11:33:23,825 TRACE [org.hornetq.core.client] (Old I/O client worker ([id: 0x2b37b4ea, /192.168.40.1:60844 => /192.168.40.1:5445])) Sending packet nonblocking PACKET(ReplicationResponseMessage)[type=90, channelID=2, packetObject=ReplicationResponseMessage] on channeID=2
11:33:23,825 TRACE [org.hornetq.core.client] (Old I/O client worker ([id: 0x2b37b4ea, /192.168.40.1:60844 => /192.168.40.1:5445])) Writing buffer for channelID=2
11:33:23,825 TRACE [org.hornetq.core.client] (Old I/O client worker ([id: 0x2b37b4ea, /192.168.40.1:60844 => /192.168.40.1:5445])) handling packet PACKET(ReplicationLargeMessageEndMessage)[type=100, channelID=2, packetObject=ReplicationLargeMessageEndMessage]

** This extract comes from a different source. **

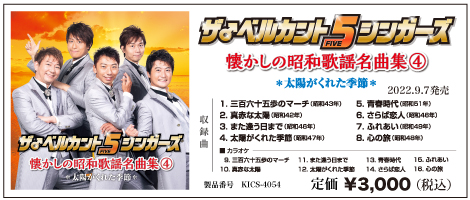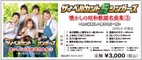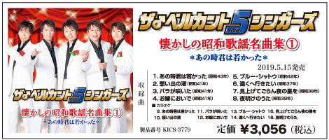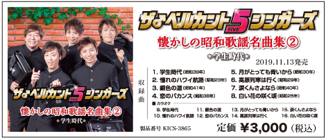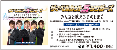 全国各地で展開する「童謡コーラス」の指導員や「みんなの音楽会」の演奏員らで構成された男性声楽家グループ「ザ♂ベルカントシンガーズ」から、さらに選ばれし5人のユニットグループ「ザ♂ベルカント5シンガーズ」は、音楽生涯学習活動団体の会員様のご支持のもと「生涯学習活動」の魅力と役割をテレビや舞台で全国に啓発しています!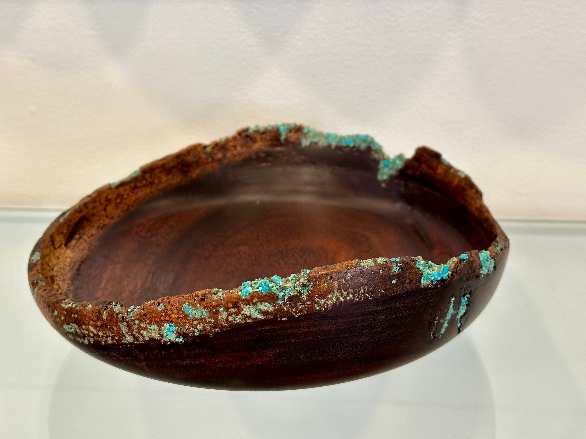 This stunning, natural edge, chocolate koa wood bowl was hand-turned on the Island of Hawai’i by professional artist and bowl turner Llosh Winne and is made out of revered Koa wood, a hardwood endemic to Hawaii and known as one of the most spectacular woods in the world. The natural edge bark inclusion on this bowl is incredibly unique. Enhanced in traditional Japanese kintsugi style, cracks in the bowl are strengthened and decorated with a significant amount of fine turquoise gemstone inlay. More than just an art form, kintsugi teaches us that the flaws in wood art are what make each piece original, beautiful and valuable. This bowl is truly a majestic piece, certain to beautify any home. Polished with organic linseed oil and beeswax, this bowl meets FDA food safe requirements. 10.5 inches diameter x 3.5 inches tall

11:33:23,825 DEBUG [org.hornetq.core.client] (Old I/O client worker ([id: 0x2b37b4ea, /192.168.40.1:60844 => /192.168.40.1:5445])) Invocation of interceptor org.hornetq.core.server.impl.ReplicationError on PACKET(ReplicationLargeMessageEndMessage)[type=100, channelID=2, packetObject=ReplicationLargeMessageEndMessage] returned true
11:33:23,825 WARN [org.hornetq.core.server] (Old I/O client worker ([id: 0x2b37b4ea, /192.168.40.1:60844 => /192.168.40.1:5445])) HQ222015: mnovak: large Message 164 was deleted from largeMessages on backup.

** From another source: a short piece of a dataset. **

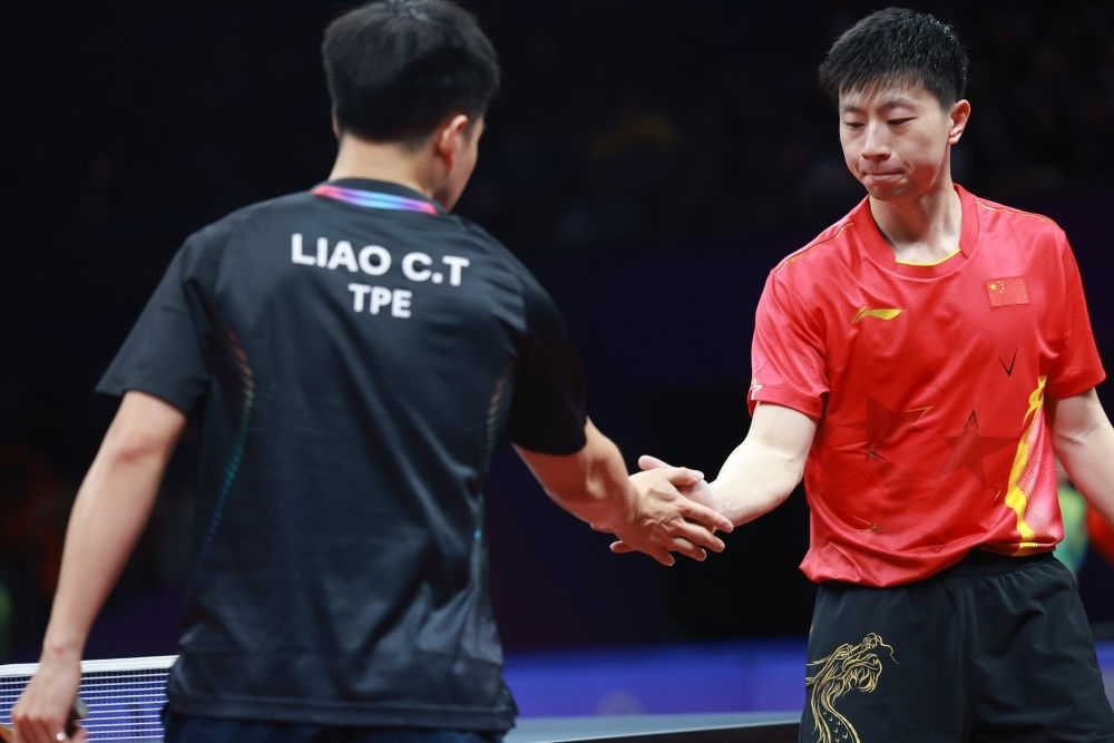 9月25日,中國隊(duì)選手馬龍(右)在乒乓球男子團(tuán)體半決賽后與中國臺北隊(duì)選手廖振珽握手致意。

11:33:23,825 WARN [org.hornetq.core.server] (Old I/O client worker ([id: 0x2b37b4ea, /192.168.40.1:60844 => /192.168.40.1:5445])) HQ222090: Replication Large MessageID 164 is not available on backup server. Ignoring replication message
Trace logs from live and backup server attached.
Expected results:
There should be no warnings.
I just got a notice of this one.. and I understand it being new, right?
Francisco is back early next week.. I've asked him to work on it... I'm also out this week.

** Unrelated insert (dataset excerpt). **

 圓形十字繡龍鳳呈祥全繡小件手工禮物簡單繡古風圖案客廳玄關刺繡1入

I've looked into it and my conclusion is that this is not a bug. Ok. Let me rephrase it: "not a real bug".
What happens is that on certain circumstances HQ will try to delete the same large-message twice. The "local disk" part of the HQ code (i.e. the non-replicated part) just ignores these, while the replication code will log a warning.
Since HQ seems to have chosen to ignore these locally, I think the best option is to just remove this warning from the replication code.